• **Available data**:
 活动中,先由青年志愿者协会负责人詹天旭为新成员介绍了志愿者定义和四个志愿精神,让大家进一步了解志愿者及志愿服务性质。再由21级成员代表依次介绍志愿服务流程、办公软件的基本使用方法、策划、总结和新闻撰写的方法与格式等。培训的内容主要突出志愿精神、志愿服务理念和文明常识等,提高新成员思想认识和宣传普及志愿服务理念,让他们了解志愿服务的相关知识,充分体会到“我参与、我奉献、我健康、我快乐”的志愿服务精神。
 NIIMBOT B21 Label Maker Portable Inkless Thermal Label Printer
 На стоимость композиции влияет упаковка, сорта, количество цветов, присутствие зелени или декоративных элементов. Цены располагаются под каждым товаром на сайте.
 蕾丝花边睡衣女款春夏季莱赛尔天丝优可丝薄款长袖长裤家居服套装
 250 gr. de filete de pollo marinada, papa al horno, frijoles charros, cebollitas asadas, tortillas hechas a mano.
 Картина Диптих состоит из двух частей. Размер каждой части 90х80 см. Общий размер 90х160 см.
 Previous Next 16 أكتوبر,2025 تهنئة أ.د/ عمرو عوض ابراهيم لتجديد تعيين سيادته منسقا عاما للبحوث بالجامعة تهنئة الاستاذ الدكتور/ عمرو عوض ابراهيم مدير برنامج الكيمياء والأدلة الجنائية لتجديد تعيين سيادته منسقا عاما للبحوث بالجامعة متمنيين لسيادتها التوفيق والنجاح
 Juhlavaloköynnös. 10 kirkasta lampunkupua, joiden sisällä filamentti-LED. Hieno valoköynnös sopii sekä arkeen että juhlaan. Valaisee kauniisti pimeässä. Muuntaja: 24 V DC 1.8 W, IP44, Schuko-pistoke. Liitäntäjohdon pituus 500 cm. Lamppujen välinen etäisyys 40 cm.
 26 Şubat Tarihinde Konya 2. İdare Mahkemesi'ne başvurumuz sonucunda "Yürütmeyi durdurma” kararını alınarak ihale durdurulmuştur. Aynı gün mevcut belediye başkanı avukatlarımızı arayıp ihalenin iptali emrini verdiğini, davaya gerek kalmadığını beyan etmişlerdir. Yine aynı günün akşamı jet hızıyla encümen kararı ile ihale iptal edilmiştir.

• **Problem requirements**: From the records above, print exactly the lines that run from the line with "На стоимость композиции" to the line with "蕾丝花边睡衣女款春夏季莱赛尔天丝优可丝薄款长袖长裤家居服套装", inclusive.

• **Task answer**:
 На стоимость композиции влияет упаковка, сорта, количество цветов, присутствие зелени или декоративных элементов. Цены располагаются под каждым товаром на сайте.
 蕾丝花边睡衣女款春夏季莱赛尔天丝优可丝薄款长袖长裤家居服套装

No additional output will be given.